Mindestes 10.000 Schritte am Tag sind ideal

Arbeitsmediziner Oberlinner rät Menschen mit Bürojobs dazu, mindestens 10.000 Schritte am Tag zu gehen, um für einen ausreichenden Ausgleich zur überwiegend sitzenden Tätigkeit zu sorgen. Sport ist dafür gar nicht unbedingt notwendig, wenngleich sinnvoll. Vielmehr empfiehlt Oberlinner, bewusst längere Strecken zu Fuß zurückzulegen. Eine Idee ist es beispielsweise, auf dem Weg ins Büro die U- oder Straßenbahn schon eine Station eher zu verlassen, um absichtlich einen längeren Fußmarsch auf sich zu nehmen.

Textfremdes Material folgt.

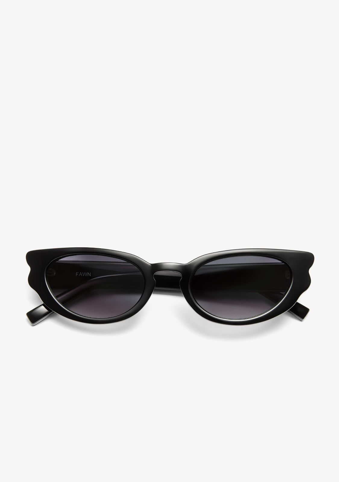 Lunettes de soleil d’inspiration œil de chat avec une silhouette élégante et sophistiquée. Leurs coins relevés et leur ligne supérieure bien définie intensifient le regard, apportant un style féminin et affirmé. Le modèle Fawn Black / Gradient Black associe une monture noire à des verres dégradés, créant un look actuel et polyvalent.
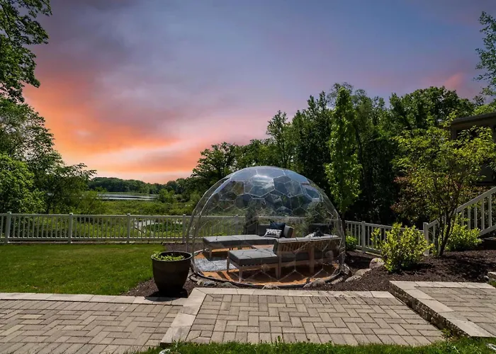 Nestled alongside the breathtaking waters of a pristine lake, the Valparaiso Lakeside Retreat offers an idyllic escape just 85 km from Midway International Airport. This enchanting retreat harmoniously blends luxury with the tranquility of nature, ensuring guests experience both comfort and serenity from the moment they arrive. The accommodations at Valparaiso are designed to captivate, featuring well-appointed rooms with king-size beds that provide stunning views of the serene lake. Guests can enjoy a restful night's sleep surrounded by elegant decor and modern amenities, creating a perfect atmosphere for relaxation and rejuvenation. Each room serves as a private sanctuary to unwind after a day of exploration.

Zumindest ein paar Schritte lassen sich auch durch den Verzicht auf den Aufzug machen und durchaus sinnvoll kann es unter dem Bewegungsaspekt sein, wenn der Drucker im Büro nicht direkt am eigenen Schreibtisch, sondern womöglich sogar in einem anderen Raum steht.

Kontrolle per App als Anreiz

Weil es freilich so gut wie unmöglich ist, die zurückgelegten Schritte jeden Tag selbst zu zählen, raten Experten wie Oberlinner zu den immer weiter verbreiteten Gesundheits-Apps für das Smartphone. Diese kleinen Programme sind meist kostenlos herunterzuladen und zählen ohne weitere Umstände dann die absolvierten Schritte.

Beim Verlassen des Büros am Abend ist damit auf einen Blick ersichtlich, ob noch Nachholbedarf besteht oder ob man sich die Couch bereits verdient hat. Sind dann noch mehrere Tausend Schritte zu wenig getan, kann das noch nötige Pensum am schnellsten mit Sport erreicht werden. Denn abgesehen von den 10.000 Schritten ist es definitiv auch sinnvoll, zumindest zwei bis dreimal moderat Sport zu treiben. Leichtes Joggen oder Walken bietet sich auch für weniger trainierte Menschen an – und bereitet dem Schrittzähler Freude.